**EXERCISE INSTRUCTIONS**
Retype, exactly and with both ends included, the lines below from the one containing "Si votre page" through the end; omit the pictures.

··· MATERIAL FOR THIS EXERCISE

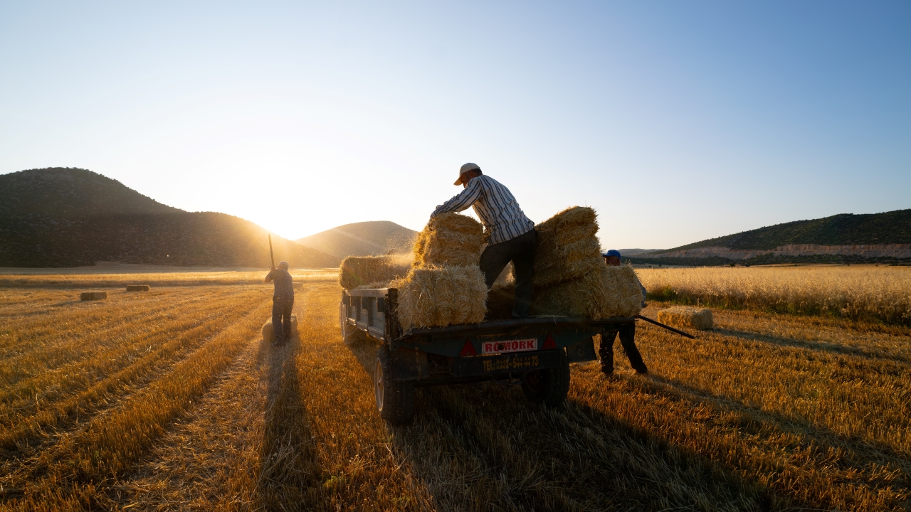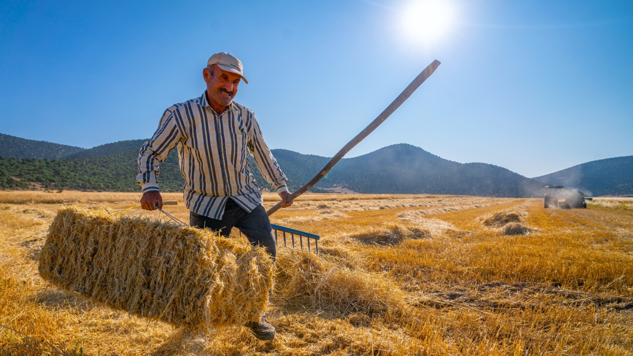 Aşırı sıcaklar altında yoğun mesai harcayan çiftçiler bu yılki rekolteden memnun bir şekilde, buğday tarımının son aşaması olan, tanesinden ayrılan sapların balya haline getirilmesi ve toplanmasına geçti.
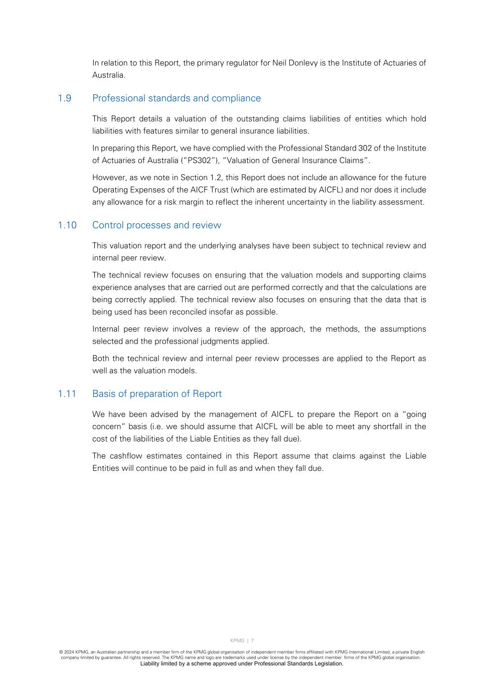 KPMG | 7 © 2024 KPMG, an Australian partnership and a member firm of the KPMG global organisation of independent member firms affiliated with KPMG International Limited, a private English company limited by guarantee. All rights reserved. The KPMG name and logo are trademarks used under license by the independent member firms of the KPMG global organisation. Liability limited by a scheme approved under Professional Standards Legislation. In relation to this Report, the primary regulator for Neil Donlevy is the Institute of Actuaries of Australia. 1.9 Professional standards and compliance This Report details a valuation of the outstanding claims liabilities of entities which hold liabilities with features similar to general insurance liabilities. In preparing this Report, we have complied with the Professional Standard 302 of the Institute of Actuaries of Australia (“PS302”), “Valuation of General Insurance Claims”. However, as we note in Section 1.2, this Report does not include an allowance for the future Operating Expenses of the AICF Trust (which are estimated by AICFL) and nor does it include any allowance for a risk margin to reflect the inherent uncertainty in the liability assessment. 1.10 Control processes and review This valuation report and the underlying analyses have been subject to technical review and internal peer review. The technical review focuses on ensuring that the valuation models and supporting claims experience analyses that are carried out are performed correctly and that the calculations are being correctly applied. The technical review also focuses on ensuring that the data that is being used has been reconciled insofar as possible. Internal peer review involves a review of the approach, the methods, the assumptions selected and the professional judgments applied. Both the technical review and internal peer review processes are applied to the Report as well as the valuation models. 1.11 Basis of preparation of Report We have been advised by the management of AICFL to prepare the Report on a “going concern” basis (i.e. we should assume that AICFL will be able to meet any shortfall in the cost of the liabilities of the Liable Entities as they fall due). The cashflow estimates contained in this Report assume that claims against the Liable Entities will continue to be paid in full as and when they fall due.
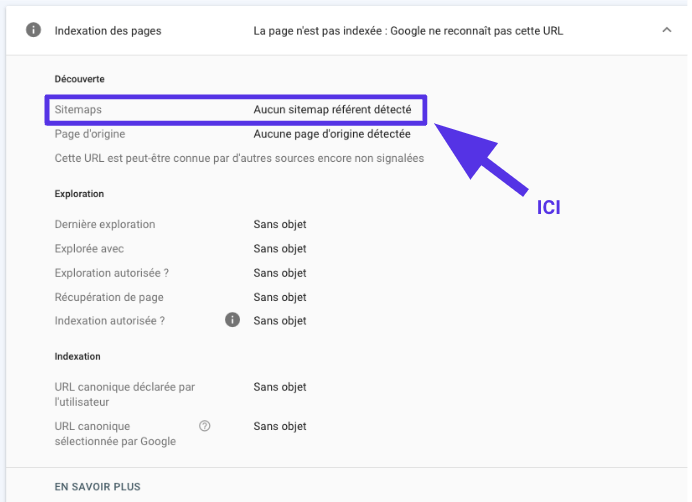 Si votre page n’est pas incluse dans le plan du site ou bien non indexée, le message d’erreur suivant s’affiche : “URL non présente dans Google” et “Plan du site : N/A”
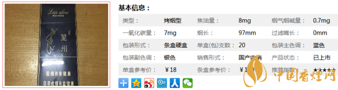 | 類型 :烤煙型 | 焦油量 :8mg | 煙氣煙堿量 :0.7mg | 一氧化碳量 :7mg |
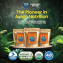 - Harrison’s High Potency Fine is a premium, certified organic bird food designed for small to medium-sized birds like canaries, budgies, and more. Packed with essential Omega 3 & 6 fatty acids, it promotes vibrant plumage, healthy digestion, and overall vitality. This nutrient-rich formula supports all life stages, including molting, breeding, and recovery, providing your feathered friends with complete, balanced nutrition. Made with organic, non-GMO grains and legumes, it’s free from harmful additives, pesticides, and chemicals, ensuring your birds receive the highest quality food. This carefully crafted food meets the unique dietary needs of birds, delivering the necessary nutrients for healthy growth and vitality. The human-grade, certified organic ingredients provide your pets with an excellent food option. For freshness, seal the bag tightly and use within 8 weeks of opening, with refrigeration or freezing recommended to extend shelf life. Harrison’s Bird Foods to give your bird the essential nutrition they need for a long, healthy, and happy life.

······

**RESPONSE TO THE TASK**
 Si votre page n’est pas incluse dans le plan du site ou bien non indexée, le message d’erreur suivant s’affiche : “URL non présente dans Google” et “Plan du site : N/A”
 | 類型 :烤煙型 | 焦油量 :8mg | 煙氣煙堿量 :0.7mg | 一氧化碳量 :7mg |
 - Harrison’s High Potency Fine is a premium, certified organic bird food designed for small to medium-sized birds like canaries, budgies, and more. Packed with essential Omega 3 & 6 fatty acids, it promotes vibrant plumage, healthy digestion, and overall vitality. This nutrient-rich formula supports all life stages, including molting, breeding, and recovery, providing your feathered friends with complete, balanced nutrition. Made with organic, non-GMO grains and legumes, it’s free from harmful additives, pesticides, and chemicals, ensuring your birds receive the highest quality food. This carefully crafted food meets the unique dietary needs of birds, delivering the necessary nutrients for healthy growth and vitality. The human-grade, certified organic ingredients provide your pets with an excellent food option. For freshness, seal the bag tightly and use within 8 weeks of opening, with refrigeration or freezing recommended to extend shelf life. Harrison’s Bird Foods to give your bird the essential nutrition they need for a long, healthy, and happy life.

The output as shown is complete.